Comparison with SAS¶
For potential users coming from SAS this page is meant to demonstrate how different SAS operations would be performed in pandas.
If you’re new to pandas, you might want to first read through 10 Minutes to pandas to familiarize yourself with the library.
As is customary, we import pandas and numpy as follows:
In [1]: import pandas as pd
In [2]: import numpy as np
Note
Throughout this tutorial, the pandas DataFrame will be displayed by calling
df.head(), which displays the first N (default 5) rows of the DataFrame.
This is often used in interactive work (e.g. Jupyter notebook or terminal) - the equivalent in SAS would be:
proc print data=df(obs=5);
run;
Data Structures¶
General Terminology Translation¶
| pandas | SAS |
|---|---|
DataFrame |
data set |
| column | variable |
| row | observation |
| groupby | BY-group |
NaN |
. |
DataFrame / Series¶
A DataFrame in pandas is analogous to a SAS data set - a two-dimensional
data source with labeled columns that can be of different types. As will be
shown in this document, almost any operation that can be applied to a data set
using SAS’s DATA step, can also be accomplished in pandas.

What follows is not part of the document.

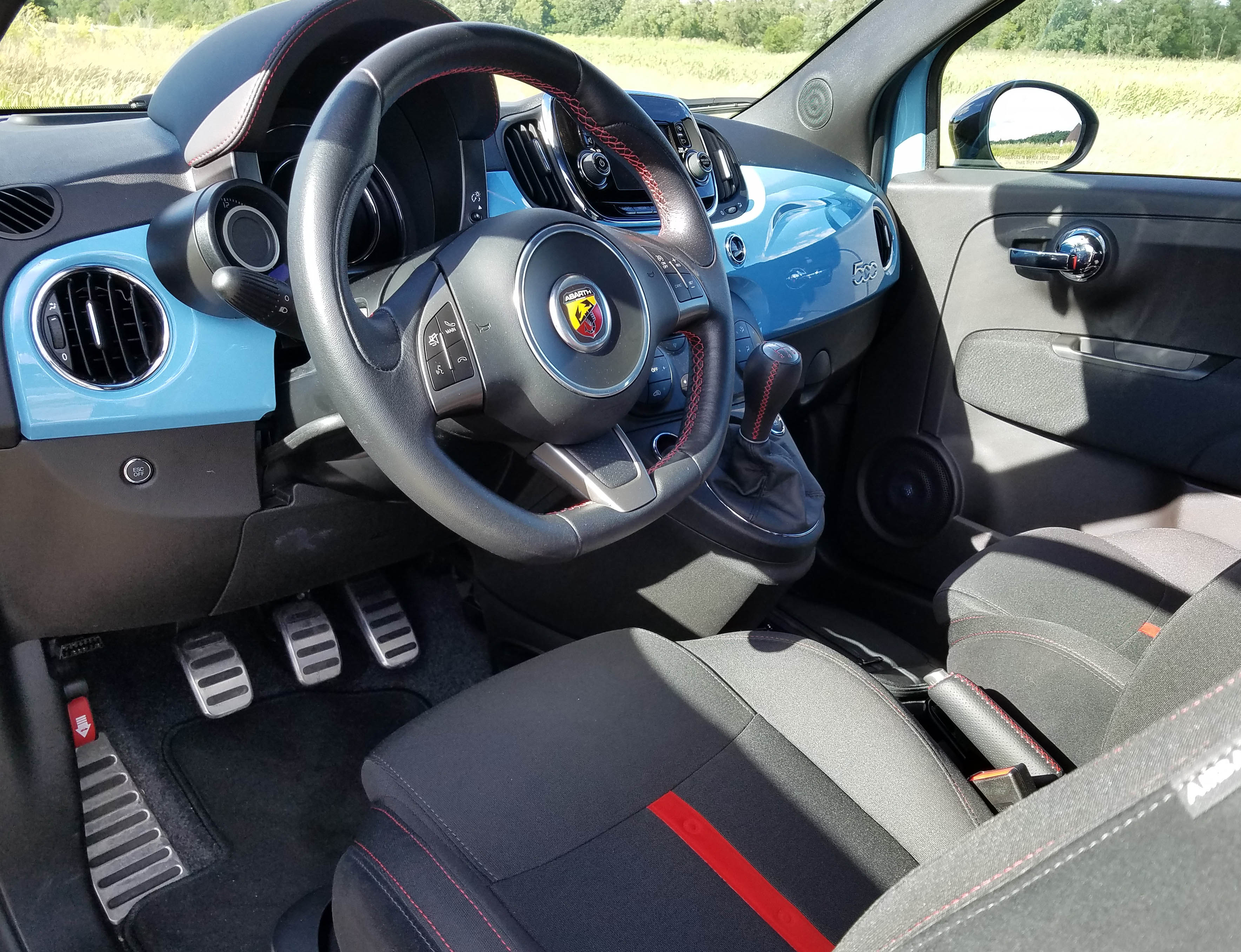 The Abarth adds a racy and practical flat-bottomed leather steering wheel. That provides more leg and knee room when entering and exiting the car. Looks cool too!

A Series is the data structure that represents one column of a
DataFrame. SAS doesn’t have a separate data structure for a single column,
but in general, working with a Series is analogous to referencing a column
in the DATA step.
Index¶
Every DataFrame and Series has an Index - which are labels on the
rows of the data. SAS does not have an exactly analogous concept. A data set’s
row are essentially unlabeled, other than an implicit integer index that can be
accessed during the DATA step (_N_).
In pandas, if no index is specified, an integer index is also used by default
(first row = 0, second row = 1, and so on). While using a labeled Index or
MultiIndex can enable sophisticated analyses and is ultimately an important
part of pandas to understand, for this comparison we will essentially ignore the
Index and just treat the DataFrame as a collection of columns. Please
see the indexing documentation for much more on how to use an
Index effectively.
Data Input / Output¶
Constructing a DataFrame from Values¶
A SAS data set can be built from specified values by
placing the data after a datalines statement and
specifying the column names.
data df;
input x y;
datalines;
1 2
3 4
5 6
;
run;
A pandas DataFrame can be constructed in many different ways,
but for a small number of values, it is often convenient to specify it as
a python dictionary, where the keys are the column names
and the values are the data.
In [3]: df = pd.DataFrame({
...: 'x': [1, 3, 5],
...: 'y': [2, 4, 6]})
...:
In [4]: df
Out[4]:
x y
0 1 2
1 3 4
2 5 6
Reading External Data¶
Like SAS, pandas provides utilities for reading in data from
many formats. The tips dataset, found within the pandas
tests (csv)
will be used in many of the following examples.
SAS provides PROC IMPORT to read csv data into a data set.
proc import datafile='tips.csv' dbms=csv out=tips replace;
getnames=yes;
run;
The pandas method is read_csv(), which works similarly.
In [5]: url = 'https://raw.github.com/pandas-dev/pandas/master/pandas/tests/data/tips.csv'
In [6]: tips = pd.read_csv(url)
---------------------------------------------------------------------------
gaierror Traceback (most recent call last)
/usr/lib64/python3.4/urllib/request.py in do_open(self, http_class, req, **http_conn_args)
1182 try:
-> 1183 h.request(req.get_method(), req.selector, req.data, headers)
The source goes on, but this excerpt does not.